I walk around the airport like I know better than everyone else. 

Which, for the girl in a long, black, sort-of-stylish winter coat schlepping two brightly colored backpacks and rocking a duct taped Doc Marten?

Kind of hilarious. 

I am not the put-together airport type. Don’t get me wrong, I’m a great packer. Extremely organized. I know where everything is. And I’m never late. But when someone rolls up to the gate with one mid-size designer purse, a blowout, and a full face of makeup… we’re not friends.

But who knows? Maybe this will be me one day in the future. And I’ll look at that twenty-something shouldering a brightly colored backpack with admiration, and hopefully, a bit of envy.

If I project a level of arrogance, I do apologize. I’m just happy to be here. I’m comfortable.

And I don’t even like the airport that much. 

Coming to you live from Newark Liberty International Airport Terminal B. A duly deserved renovation.

Am I excited to be here?

That is the question. 

I’m certainly less excited about being here than I am about getting to where I’m going on. 

But I’m not miserable. I don’t hate the airport like some people do. I don’t hate the TSA — I genuinely feel bad for them. I don’t hate the price of food — I simply don’t look at it. (Layovers don’t count.) 

I don’t love it either. 

People who say they love the airport are lying.

It’s the idea of where you’re flying.

The airport is a place of anticipation.

The good and the bad. 

The dreamt-of destination. The endless lines. It’s all about waiting. As a child, I was so impatient, and this waiting used to drive me nuts. Now — slightly less impatient — I obtain from this airport anticipation an odd brand of pleasurable anxiety. 

The airport is a textbook example of a liminal space. You are neither here nor there. You are on your way. Not where you once were, but also not yet where you’re going to be. You are in between. 

That is, unless you are an employee. Then you’re at work.

Anticipation itself can be seen as good or bad, depending on how it’s viewed.

Take, for example, the idea of an “airport crush”. 

You’re at the gate. You look up from your phone to see someone very attractive just a few feet away. You lock eyes. You quickly look away, blushing. Before you know it, your mind is running wild with anticipation. Will they come over and say something? Will we be seated next to each other? Will they ask for my number? Maybe plan a date for when we arrive at our mutual destination? What if we get married? Yes. Then I’ll finally be able to get an EU passport!

You know, shit like that.

This is nice, because you get to daydream for a while about a purely hypothetical romance that will probably never be.

This is also not so nice, because you get to daydream for a while about a purely hypothetical romance that will probably never be.

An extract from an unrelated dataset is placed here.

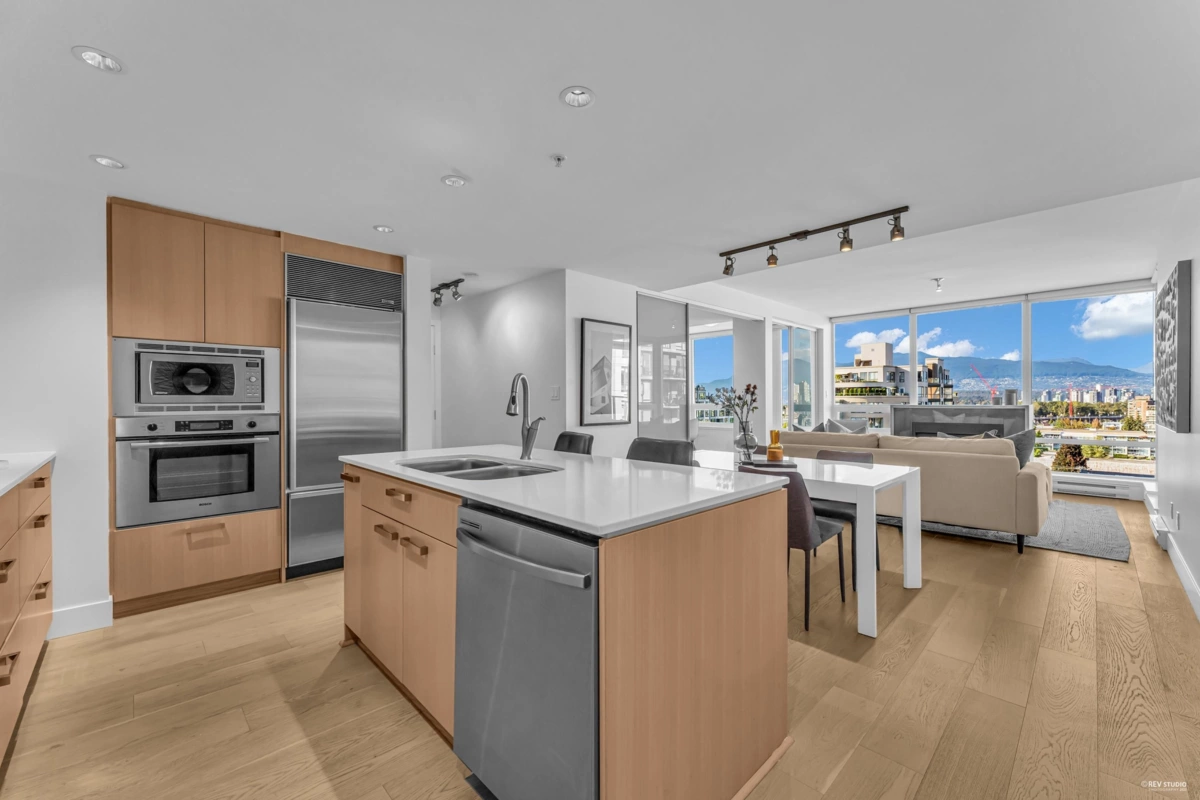 Welcome to Camera by Intracorp! Enjoy PANORAMIC VIEWS of the North Shore mountains and city & ocean views in this absolutely gorgeous 2 bed, 2 bath, plus flex/office unit. This spacious, bright suite features brand-new engineered hardwood floors, new paint throughout, full-size washer/dryer, high-end SS appliances, luxurious gas f/p, and a large master with spa-like ensuite with heated floors. Expand your living to the ideal office or outside to the large covered balcony. Other amenities include 2 underground parking spots, storage, bike room, social room with pool table and wet bar, exercise studio and a children's playground. Camera is a low-density building with only 77 homes and is conveniently just steps from beautiful Kitsilano and Granville Street. Welcome home!

Two sides of the same coin. The joy of romanticization. The pitfall of coming back down to earth.

It is similar to what I’ve written about the nature of expectation. Having expectations may lead to severe disappointment. And yet… what is life without something to look forward to? I argue that it is better to have positive expectations and be let down than to never expect anything good at all.

Or at least, find a happy medium. 

— 

Recently, someone told me an anecdote about their mother. (There is a 0.1% chance you read this, but if you are? Call me.)

Their mother — recently passed — was fond of saying: “Never run in an airport.”

And I just love that.

The sentiment is: you have to accept where you are in the current moment. Like, if you’re running late and miss a flight? Maybe it was supposed to happen. Maybe that first flight gets diverted due to weather or technical difficulties and you miss your best friend’s destination wedding. Or, that airport crush you meet in line for Starbucks while waiting for the second flight? Maybe you end up married. 

Ridiculous? Pure fantasy? Maybe. Like, if my gate were closing would I be taking a leisurely stroll instead of full throttle sprinting? Probably not, no.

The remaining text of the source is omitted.